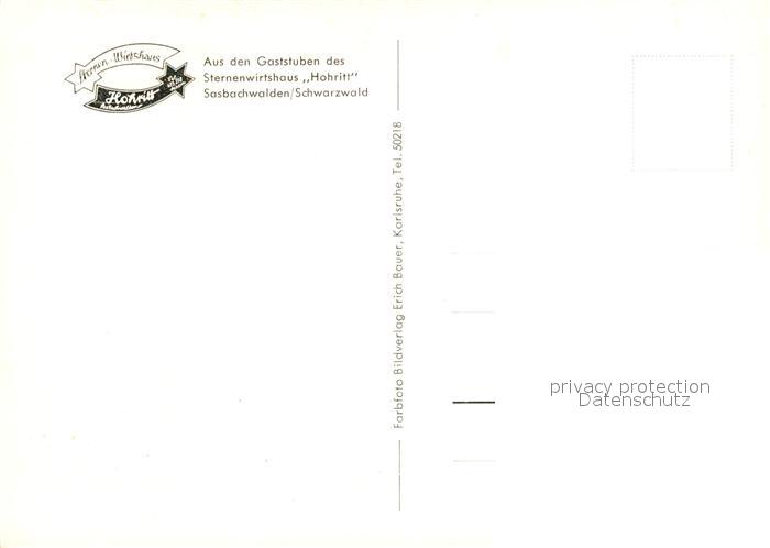73090247 Sasbachwalden Wirtshaus Hohritt postalisch nicht gelaufen Erhaltung siehe scans [PaolaD17] KatCode: 11110008317118
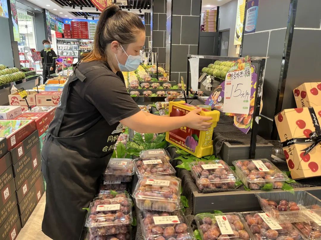 水果店工作人员介绍表示,现在主要销售大品类的是西梅、冬枣,以及葡萄中晚熟的阳光玫瑰。此外,奉贤本地黄桃、蜜梨也还在销售期,售完为止。再过一段时间,9月份会上新突尼斯软籽石榴、爱媛果冻橙等橘橙类水果。
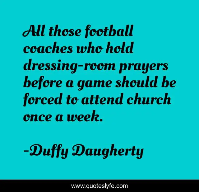 This page presents the quote "All those football coaches who hold dressing-room prayers before a game should be forced to attend church once a week.". Author of this quote is Duffy Daugherty. .
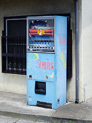この国道は比較的交通量が多く自販機の近くには小・中学校や高校などがあります。まるで交通安全の

* * * *

Aim of the task: Only the lines from the one with "水果店工作人员介绍表示,现在" through the last line above belong in the answer. Reproduce them exactly, without the pictures.

Answer:
 水果店工作人员介绍表示,现在主要销售大品类的是西梅、冬枣,以及葡萄中晚熟的阳光玫瑰。此外,奉贤本地黄桃、蜜梨也还在销售期,售完为止。再过一段时间,9月份会上新突尼斯软籽石榴、爱媛果冻橙等橘橙类水果。
 This page presents the quote "All those football coaches who hold dressing-room prayers before a game should be forced to attend church once a week.". Author of this quote is Duffy Daugherty. .
この国道は比較的交通量が多く自販機の近くには小・中学校や高校などがあります。まるで交通安全の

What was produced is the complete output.